What the task asks:
Print all the records exactly, please.
Information provided Start Marker
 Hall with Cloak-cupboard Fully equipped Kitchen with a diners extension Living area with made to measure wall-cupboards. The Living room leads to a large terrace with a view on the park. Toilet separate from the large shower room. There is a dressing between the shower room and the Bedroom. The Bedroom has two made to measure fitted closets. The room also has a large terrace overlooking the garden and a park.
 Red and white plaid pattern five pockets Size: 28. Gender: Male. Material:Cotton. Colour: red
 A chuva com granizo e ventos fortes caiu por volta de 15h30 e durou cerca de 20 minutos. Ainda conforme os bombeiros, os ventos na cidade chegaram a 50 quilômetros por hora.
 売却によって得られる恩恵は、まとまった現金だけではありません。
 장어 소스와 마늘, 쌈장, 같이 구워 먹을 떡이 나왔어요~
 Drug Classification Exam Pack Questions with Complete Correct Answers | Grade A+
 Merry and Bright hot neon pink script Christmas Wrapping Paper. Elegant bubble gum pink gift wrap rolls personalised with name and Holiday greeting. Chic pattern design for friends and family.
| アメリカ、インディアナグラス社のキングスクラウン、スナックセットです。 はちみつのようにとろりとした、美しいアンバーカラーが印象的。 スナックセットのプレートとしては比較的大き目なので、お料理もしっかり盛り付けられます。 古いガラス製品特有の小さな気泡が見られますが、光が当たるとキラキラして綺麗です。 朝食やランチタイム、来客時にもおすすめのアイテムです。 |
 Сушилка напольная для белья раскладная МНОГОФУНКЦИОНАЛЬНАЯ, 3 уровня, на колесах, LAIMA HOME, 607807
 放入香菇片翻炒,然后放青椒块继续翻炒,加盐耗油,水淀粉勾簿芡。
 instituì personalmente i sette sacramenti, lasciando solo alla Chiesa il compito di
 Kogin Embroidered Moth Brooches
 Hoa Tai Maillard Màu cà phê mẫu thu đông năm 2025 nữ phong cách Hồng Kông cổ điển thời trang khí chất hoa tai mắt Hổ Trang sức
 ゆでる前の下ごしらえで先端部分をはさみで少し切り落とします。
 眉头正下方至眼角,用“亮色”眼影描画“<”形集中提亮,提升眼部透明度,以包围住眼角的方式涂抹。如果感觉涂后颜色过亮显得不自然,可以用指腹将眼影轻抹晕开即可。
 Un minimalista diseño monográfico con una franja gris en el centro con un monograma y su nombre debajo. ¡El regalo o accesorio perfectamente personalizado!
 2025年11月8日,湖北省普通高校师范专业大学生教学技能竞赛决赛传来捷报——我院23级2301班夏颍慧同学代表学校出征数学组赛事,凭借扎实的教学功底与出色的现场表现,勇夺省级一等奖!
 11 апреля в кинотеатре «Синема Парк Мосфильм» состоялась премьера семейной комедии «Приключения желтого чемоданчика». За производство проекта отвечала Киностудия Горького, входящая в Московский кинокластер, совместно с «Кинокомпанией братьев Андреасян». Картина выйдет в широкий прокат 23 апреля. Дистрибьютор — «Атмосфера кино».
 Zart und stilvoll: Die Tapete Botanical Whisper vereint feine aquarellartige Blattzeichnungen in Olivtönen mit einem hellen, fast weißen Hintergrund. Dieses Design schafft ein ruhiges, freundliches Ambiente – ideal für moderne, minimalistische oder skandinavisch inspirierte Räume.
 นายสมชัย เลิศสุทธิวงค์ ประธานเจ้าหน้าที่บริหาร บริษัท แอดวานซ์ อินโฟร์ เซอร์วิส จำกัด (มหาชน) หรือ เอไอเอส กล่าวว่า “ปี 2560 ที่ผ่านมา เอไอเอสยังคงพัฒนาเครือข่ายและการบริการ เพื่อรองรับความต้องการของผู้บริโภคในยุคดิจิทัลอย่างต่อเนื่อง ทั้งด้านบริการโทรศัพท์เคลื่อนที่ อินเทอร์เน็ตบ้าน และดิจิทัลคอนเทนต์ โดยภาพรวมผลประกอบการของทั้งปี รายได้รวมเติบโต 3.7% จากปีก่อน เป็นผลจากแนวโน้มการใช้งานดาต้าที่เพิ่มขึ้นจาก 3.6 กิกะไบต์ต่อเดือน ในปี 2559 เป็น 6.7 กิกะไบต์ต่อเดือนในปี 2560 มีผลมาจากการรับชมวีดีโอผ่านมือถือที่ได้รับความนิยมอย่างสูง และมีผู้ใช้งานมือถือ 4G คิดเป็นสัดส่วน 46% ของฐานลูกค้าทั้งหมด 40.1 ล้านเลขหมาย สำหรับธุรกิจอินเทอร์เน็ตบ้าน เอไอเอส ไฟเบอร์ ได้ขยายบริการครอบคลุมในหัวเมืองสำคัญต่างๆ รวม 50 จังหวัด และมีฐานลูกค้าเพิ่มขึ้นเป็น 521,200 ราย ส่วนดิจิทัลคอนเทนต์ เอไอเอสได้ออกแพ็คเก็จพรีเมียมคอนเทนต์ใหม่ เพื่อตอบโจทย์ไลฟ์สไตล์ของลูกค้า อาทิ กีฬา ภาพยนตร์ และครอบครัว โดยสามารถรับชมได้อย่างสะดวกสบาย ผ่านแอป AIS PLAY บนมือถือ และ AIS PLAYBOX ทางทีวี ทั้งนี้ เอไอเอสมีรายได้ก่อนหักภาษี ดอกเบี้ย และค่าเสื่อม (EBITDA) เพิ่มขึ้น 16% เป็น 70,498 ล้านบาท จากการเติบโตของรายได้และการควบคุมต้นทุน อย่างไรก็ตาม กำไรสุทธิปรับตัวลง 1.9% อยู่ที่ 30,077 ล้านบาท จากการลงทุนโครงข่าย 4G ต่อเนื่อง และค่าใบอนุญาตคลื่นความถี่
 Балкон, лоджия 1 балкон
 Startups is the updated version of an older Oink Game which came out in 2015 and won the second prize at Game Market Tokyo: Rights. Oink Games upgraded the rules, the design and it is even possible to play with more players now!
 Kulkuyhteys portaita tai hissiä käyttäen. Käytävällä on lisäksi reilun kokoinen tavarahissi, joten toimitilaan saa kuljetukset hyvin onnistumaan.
Information provided End Marker
Output of the task:
 Hall with Cloak-cupboard Fully equipped Kitchen with a diners extension Living area with made to measure wall-cupboards. The Living room leads to a large terrace with a view on the park. Toilet separate from the large shower room. There is a dressing between the shower room and the Bedroom. The Bedroom has two made to measure fitted closets. The room also has a large terrace overlooking the garden and a park.
 Red and white plaid pattern five pockets Size: 28. Gender: Male. Material:Cotton. Colour: red
 A chuva com granizo e ventos fortes caiu por volta de 15h30 e durou cerca de 20 minutos. Ainda conforme os bombeiros, os ventos na cidade chegaram a 50 quilômetros por hora.
 売却によって得られる恩恵は、まとまった現金だけではありません。
 장어 소스와 마늘, 쌈장, 같이 구워 먹을 떡이 나왔어요~
 Drug Classification Exam Pack Questions with Complete Correct Answers | Grade A+
 Merry and Bright hot neon pink script Christmas Wrapping Paper. Elegant bubble gum pink gift wrap rolls personalised with name and Holiday greeting. Chic pattern design for friends and family.
| アメリカ、インディアナグラス社のキングスクラウン、スナックセットです。 はちみつのようにとろりとした、美しいアンバーカラーが印象的。 スナックセットのプレートとしては比較的大き目なので、お料理もしっかり盛り付けられます。 古いガラス製品特有の小さな気泡が見られますが、光が当たるとキラキラして綺麗です。 朝食やランチタイム、来客時にもおすすめのアイテムです。 |
 Сушилка напольная для белья раскладная МНОГОФУНКЦИОНАЛЬНАЯ, 3 уровня, на колесах, LAIMA HOME, 607807
 放入香菇片翻炒,然后放青椒块继续翻炒,加盐耗油,水淀粉勾簿芡。
 instituì personalmente i sette sacramenti, lasciando solo alla Chiesa il compito di
 Kogin Embroidered Moth Brooches
 Hoa Tai Maillard Màu cà phê mẫu thu đông năm 2025 nữ phong cách Hồng Kông cổ điển thời trang khí chất hoa tai mắt Hổ Trang sức
 ゆでる前の下ごしらえで先端部分をはさみで少し切り落とします。
 眉头正下方至眼角,用“亮色”眼影描画“<”形集中提亮,提升眼部透明度,以包围住眼角的方式涂抹。如果感觉涂后颜色过亮显得不自然,可以用指腹将眼影轻抹晕开即可。
 Un minimalista diseño monográfico con una franja gris en el centro con un monograma y su nombre debajo. ¡El regalo o accesorio perfectamente personalizado!
 2025年11月8日,湖北省普通高校师范专业大学生教学技能竞赛决赛传来捷报——我院23级2301班夏颍慧同学代表学校出征数学组赛事,凭借扎实的教学功底与出色的现场表现,勇夺省级一等奖!
 11 апреля в кинотеатре «Синема Парк Мосфильм» состоялась премьера семейной комедии «Приключения желтого чемоданчика». За производство проекта отвечала Киностудия Горького, входящая в Московский кинокластер, совместно с «Кинокомпанией братьев Андреасян». Картина выйдет в широкий прокат 23 апреля. Дистрибьютор — «Атмосфера кино».
 Zart und stilvoll: Die Tapete Botanical Whisper vereint feine aquarellartige Blattzeichnungen in Olivtönen mit einem hellen, fast weißen Hintergrund. Dieses Design schafft ein ruhiges, freundliches Ambiente – ideal für moderne, minimalistische oder skandinavisch inspirierte Räume.
 นายสมชัย เลิศสุทธิวงค์ ประธานเจ้าหน้าที่บริหาร บริษัท แอดวานซ์ อินโฟร์ เซอร์วิส จำกัด (มหาชน) หรือ เอไอเอส กล่าวว่า “ปี 2560 ที่ผ่านมา เอไอเอสยังคงพัฒนาเครือข่ายและการบริการ เพื่อรองรับความต้องการของผู้บริโภคในยุคดิจิทัลอย่างต่อเนื่อง ทั้งด้านบริการโทรศัพท์เคลื่อนที่ อินเทอร์เน็ตบ้าน และดิจิทัลคอนเทนต์ โดยภาพรวมผลประกอบการของทั้งปี รายได้รวมเติบโต 3.7% จากปีก่อน เป็นผลจากแนวโน้มการใช้งานดาต้าที่เพิ่มขึ้นจาก 3.6 กิกะไบต์ต่อเดือน ในปี 2559 เป็น 6.7 กิกะไบต์ต่อเดือนในปี 2560 มีผลมาจากการรับชมวีดีโอผ่านมือถือที่ได้รับความนิยมอย่างสูง และมีผู้ใช้งานมือถือ 4G คิดเป็นสัดส่วน 46% ของฐานลูกค้าทั้งหมด 40.1 ล้านเลขหมาย สำหรับธุรกิจอินเทอร์เน็ตบ้าน เอไอเอส ไฟเบอร์ ได้ขยายบริการครอบคลุมในหัวเมืองสำคัญต่างๆ รวม 50 จังหวัด และมีฐานลูกค้าเพิ่มขึ้นเป็น 521,200 ราย ส่วนดิจิทัลคอนเทนต์ เอไอเอสได้ออกแพ็คเก็จพรีเมียมคอนเทนต์ใหม่ เพื่อตอบโจทย์ไลฟ์สไตล์ของลูกค้า อาทิ กีฬา ภาพยนตร์ และครอบครัว โดยสามารถรับชมได้อย่างสะดวกสบาย ผ่านแอป AIS PLAY บนมือถือ และ AIS PLAYBOX ทางทีวี ทั้งนี้ เอไอเอสมีรายได้ก่อนหักภาษี ดอกเบี้ย และค่าเสื่อม (EBITDA) เพิ่มขึ้น 16% เป็น 70,498 ล้านบาท จากการเติบโตของรายได้และการควบคุมต้นทุน อย่างไรก็ตาม กำไรสุทธิปรับตัวลง 1.9% อยู่ที่ 30,077 ล้านบาท จากการลงทุนโครงข่าย 4G ต่อเนื่อง และค่าใบอนุญาตคลื่นความถี่
 Балкон, лоджия 1 балкон
 Startups is the updated version of an older Oink Game which came out in 2015 and won the second prize at Game Market Tokyo: Rights. Oink Games upgraded the rules, the design and it is even possible to play with more players now!
 Kulkuyhteys portaita tai hissiä käyttäen. Käytävällä on lisäksi reilun kokoinen tavarahissi, joten toimitilaan saa kuljetukset hyvin onnistumaan.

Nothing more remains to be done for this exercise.